We have a single standalone 2008 R2 server, running on ESXi 5.5, that provides file shares to clients.
Last night it mysteriously stopped allowing inbound share access. I'm assuming it was blocking/dropping SMB but the problem is, and what concerns me, is that there is no record of what was happening.
As the calls started to come in, I was able to ping and RDP to the server successfully. At the same time attempting \\SERVER\Share
as a domain administrator simply hung before coming back that the share was unavailable.
Once I'd connected over RDPto the server, everything appeared normal: RAM & CPU use were low, all expected services were running. Event viewer showed literally nothing of use, no errors just the usual informational entries and a few errors where my RDP session had attempted to map unknown printers.

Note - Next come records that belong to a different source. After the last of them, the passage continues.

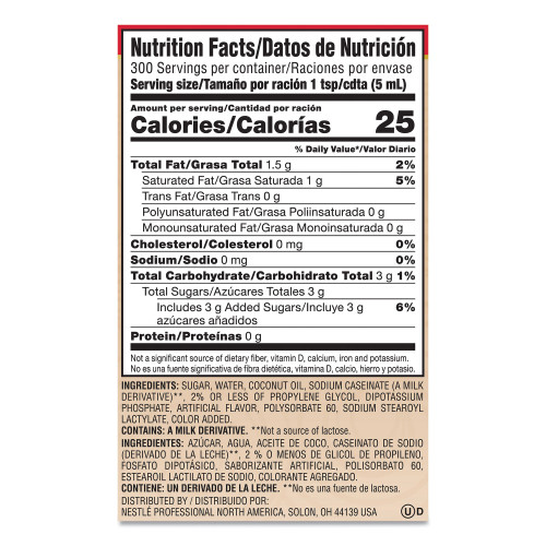 Non-dairy coffee creamer is now available in a convenient, easy-to-use pump dispenser that eliminates mess. One pump gives you the same amount of delicious Coffee-mate Liquid Coffee Creamer as one small tub. Pump is non-removable once installed for food safety. 300 liquid creamer servings per bottle. Lactose-free, Kosher dairy, cholesterol-free and shelf-stable. Flavor: Sweetened Original; Product Packaging: Pump Bottle; Premeasured: No; Volume Capacity: 1.5 L.
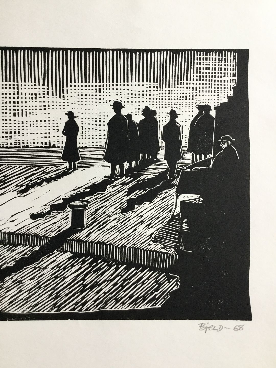 Linoleumssnit af Sigurd Bjeld 1968 - Ventende personer i exteriør.
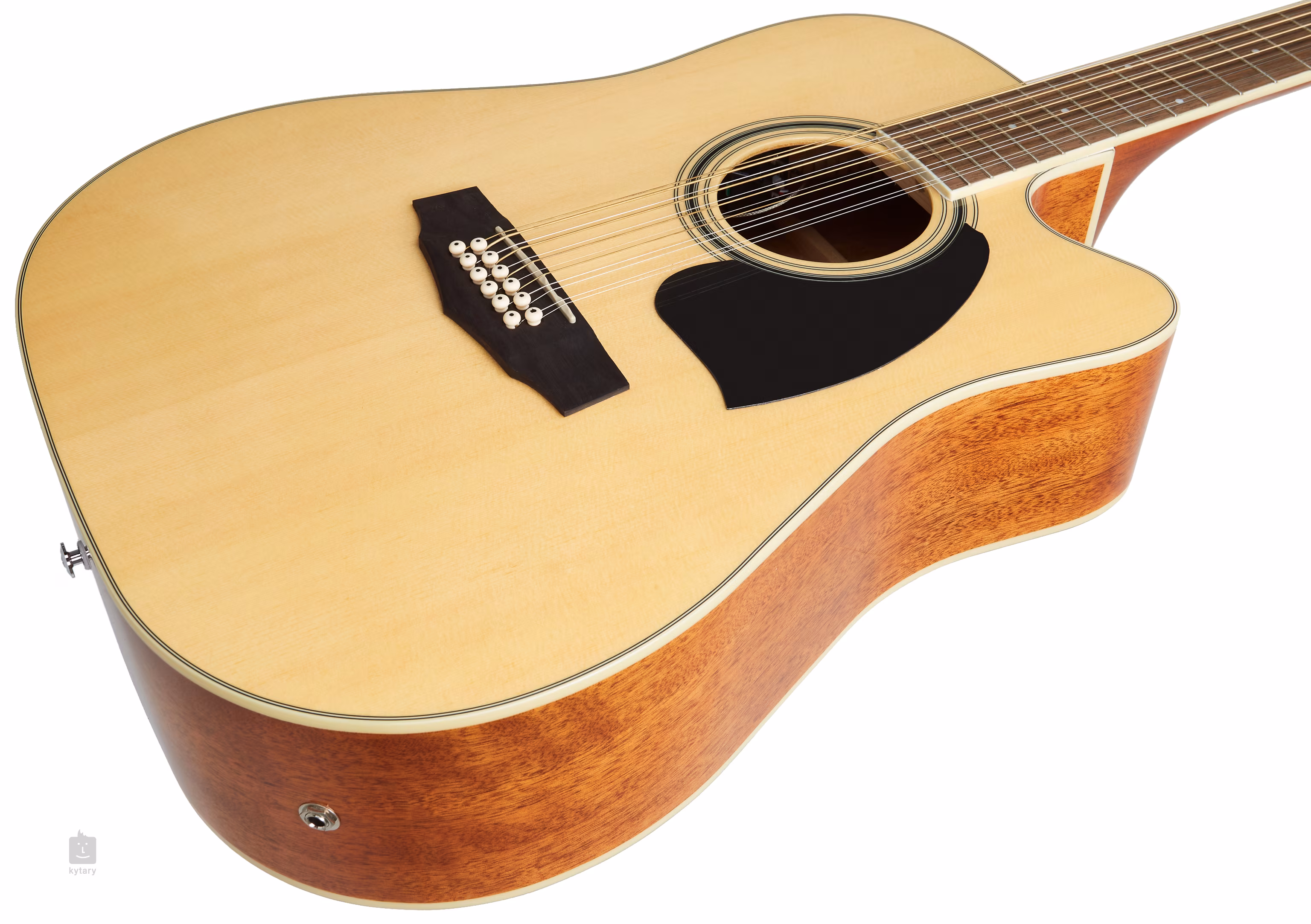 Der laminierte Korpus der 12-saitigen Dreadnought PF1512ECE-NT besteht aus Fichtenfront und Okoumé-Boden und -Zargen. Auf den Hals aus exotischem Nyatoh-Holz ist ein Feigengriffbrett mit zwanzig Bünden geklebt. Weiße Positionspunkte erleichtern das Navigieren auf dem Griffbrett.

The security log, where I expected to see a load of 'windows filtering platform dropped packet', which is something we've seen before was clear, just the usual logon events and audit logs.
Connections outbound to other shares were fine, in short I couldn't see anything to fix.
Out of desperation I tried to restart the Server service, at which point the whole box froze and I had to press the (virtual) power button until it powered off. It came back up fine (thank god) but I'm confused.
My client is asking the obvious questions and so far I have, embarrassingly, not been able to provide an answer.
Any thoughts? I have little hope of going back in time and locating a root cause for this issue but is there anything else could be doing as far as logging or future tests for these kinds of issues?
So you state you had to push the server to reboot manually. Quite hard in fact. And all signs point to the system running smoothly when you RDP’ed in, correct? But yet still the system choked for no apparent reason overnight.
First, you need to tell the client that sometimes there are no solid answers. Maybe there was a power surge? Maybe it was just a hiccup. I have had servers that have literally run for months without reboot suddenly choke. Why? No idea. A reboot clears things up. And sometimes the logs might help.
That said, my best guess based on the info you are providing is that there some hardware level problem at play. Could be RAM, hard drive, related hardware or something else. Heck even the CPU itself.
The best thing I would do in a case like this is to schedule a maintenance window off hours at some point to run a thorough hardware check of the system itself. If you don’t do that, you are running the risk that this issue might come up again or there is complete hardware failure.
This was eventually tracked down to the virtual Ethernet adaptor we were using. It was running on an E1000 adapter. I swapped this over to the VMNet 5 driver and the issue went away.
FWIW we were on ESXi 5.1